Depositar un envase de vidrio en el contenedor, además de la demostración de civismo, puede convertirse en un acto momentáneo cargado de evocaciones metafóricas. Cuando en casa o en un restaurante se rompe una copa, un vaso o una botella se produce un estrépito que anuncia desgracia. El objeto que existía hasta hace nada se quiebra y pierde su entidad. Hay un instante de sobresalto que interrumpe el hilo de lo que estábamos haciendo y nos obliga a reparar en el percance, para luego regresar con normalidad a nuestra obligación con la rutina. En nuestra cabeza se produce un lapso mínimo de tiempo en el que habita una cierta inclinación a la sanción que bien podría resumirse así: esto no debió suceder.
Sin embargo, cuando uno acude al iglú verde e introduce el envase se produce un efecto distinto. Uno lo arroja sin temor alguno a que se haga trizas al llegar al fondo; es más, nuestro oído busca el impacto del cristal contra el cristal y reconoce en el estrépito un cierto gusto que colma nuestra conducta, algo que no es igual si el ruido de vidrios no se produce. Se desata, pues, un instante placentero basado en la destrucción, quizás porque nos proporciona la posibilidad de simular una transgresión consentida: lo que en casa es lamentable, sancionable, reprochable, aquí es expansivo y permitido.
Recordemos las escenas cargadas de tensión producidas por la rotura voluntaria y violenta de una botella. El acto de lanzamiento es una declaración de agresión potencial, aunque el objeto estrellado quede lejos de los presentes. Parece como si nuestra memoria tuviera el rastro de ese acto primitivo de desahogo, de liberación de una agresividad sin diana y nos lo recordara de una forma atenuada cuando introducimos el envase en el contenedor y quedamos a la espera del estrépito benefactor.
Algo así debería de ser la sensación de libertad. Actuar como si uno estuviera saltándose los límites y las reglas, y sin embargo estar contribuyendo al bienestar del planeta.
En las mayorías de los textos que te leo en tu bitácora de Morera, las dualidades las desarrollas de manera muy sugerentes, llegando a unirse, las situaciones o hechos en propuestas para pensar o debatir.
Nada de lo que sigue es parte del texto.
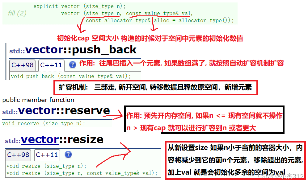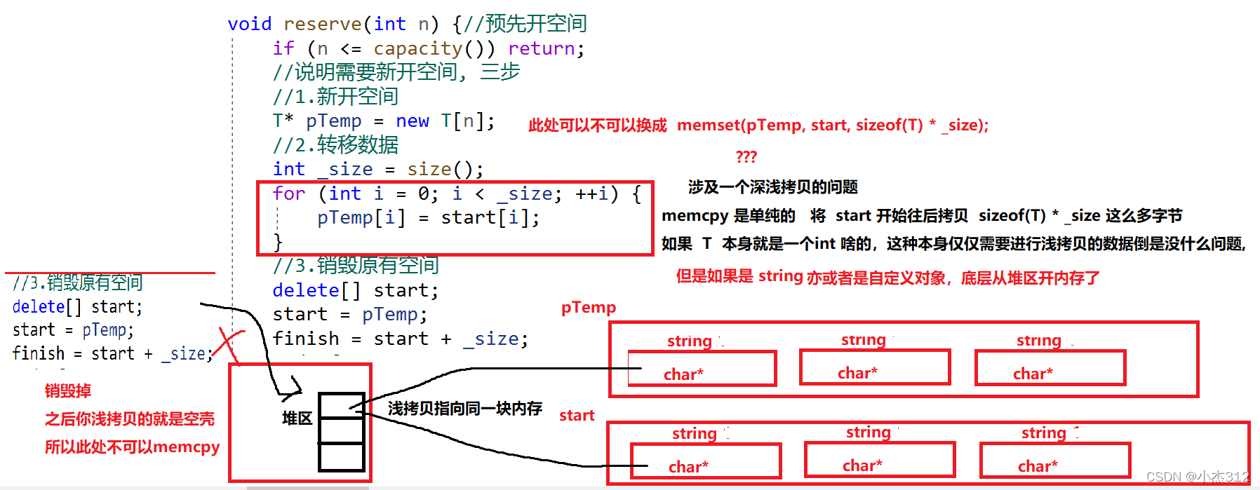 插入元素时候的扩容机制: 如果是需要扩容,采取的一般是二倍扩容的方式进行扩容的,扩容分为三部,新开空间,转移数据,销毁原有空间... (记住转移数据调用深拷贝,不可以memcpy) why?

En este caso la libertad individual se hermana con una finalidad colectiva, lo que me lleva a seguir creyendo en la idea, a veces ideal, que lo individual se relaciona con colectivo, que mi libertad se puede transformar en riqueza colectiva, aunque sean hechos aparentemente sin ninguna significación.
Muy buena está dualidad.
De ahora en adelante tirar un envase de mermelada al contenedor verde me va a sonar a libertad.